By some accounts I guess our day was pretty plain but it felt magical to me.

On those magical Christmas days with my mother I couldn't imagine any rocks in my road. I never dreamed of stumbling along without an end in sight, but when I grew up that's how I ended up living—day-to-day, survival of the fittest. I guess we're all like that in some ways. We don't dare look behind us but we're not brave enough to look ahead. We're just stuck. Right here. Waiting. I'm always waiting it seems—waiting for the right time, the right job, for the light to turn green, waiting on a call, waiting for my past to catch up with me, and for my future to begin.
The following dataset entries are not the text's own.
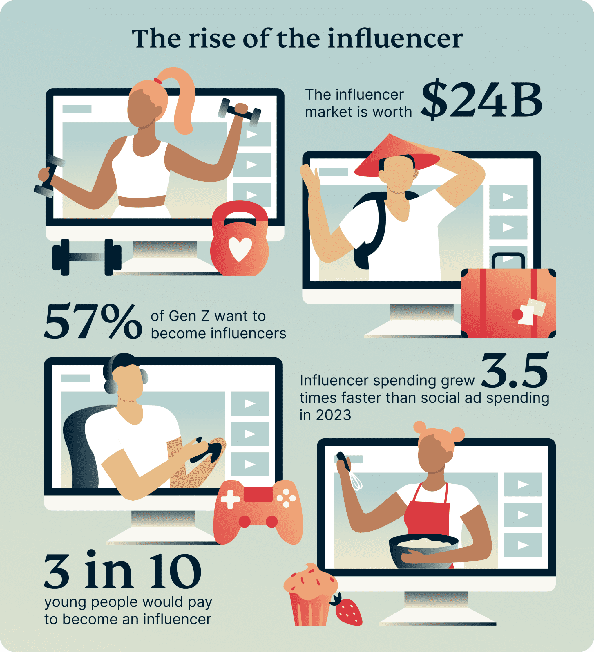Non si tratta solo del trasferimento di denaro pubblicitario da parte dei marchi però. Si tratta di un'intera generazione che vede i social media come un percorso professionale legittimo. Un impressionante 57% della Generazione Z afferma di voler diventare influencer, e 3 su 10 giovani sarebbero persino disposti a pagare per l'opportunità di sfondare online. Non è più solo un progetto parallelo o un colpo di fortuna—è una professione in cui i giovani investono attivamente e che perseguono.
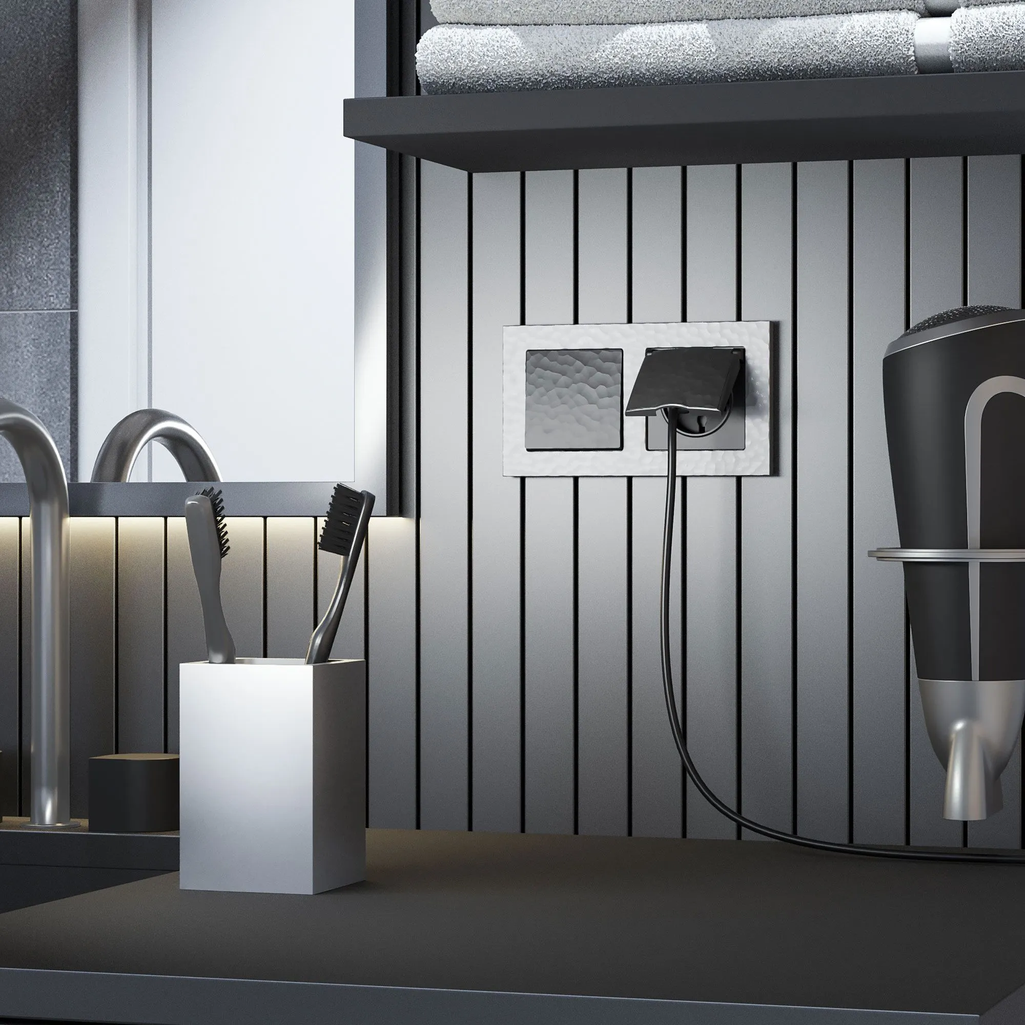 🔹Нержавеющий металлический суппорт — обеспечивает прочную и надёжную фиксацию в подрозетнике, исключает люфт и деформацию рамки даже при частом использовании.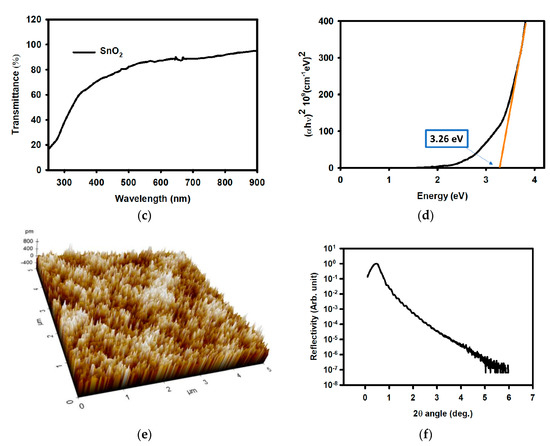 The surface roughness was analyzed via AFM, and the results are shown in Figure 1e. The root mean square (RMS) roughness was 0.155 nm. The density of the material was evaluated by XRR (Figure 1f) and showed a density of 5.29 g/cm3. The value was smaller than the density of polycrystalline SnO2, but similar to the one reported by Huang et al. [17] for the amorphous phase of SnO2 (5.01 g/cm3). The density and the optical bandgap of the a-SnOx were smaller than the values of crystalline SnO2. The reason could be that denser metal oxide materials have a higher density of overlap of the s-orbitals which, in turn, leads to a higher bandgap [23].

I got to the point in my life where I was so tired of waiting and wanted to know that my life was not just leading
anywhere
but
somewhere
. I wanted that childhood sense of wonderment back. The crazy how, when, and why of life finally caught up with me and I realized that there was no Oz, fairy-tale king, or Scrooge waking up from a dream moment that was going to whisk me away from reality, and that's when I wanted Christmas again. The Christmas of the simple tree and polishing the nativity with my shirt-sleeve and holding my mother's hand in church. I wanted to know that there was a reason and purpose not only behind the boulder in the road but buried beneath it so that when I unearthed it I could brush off that muddy gem and
say, “So this is it!” In the moment, it seemed like the wait would never end, but looking back it all passed like a misty dream.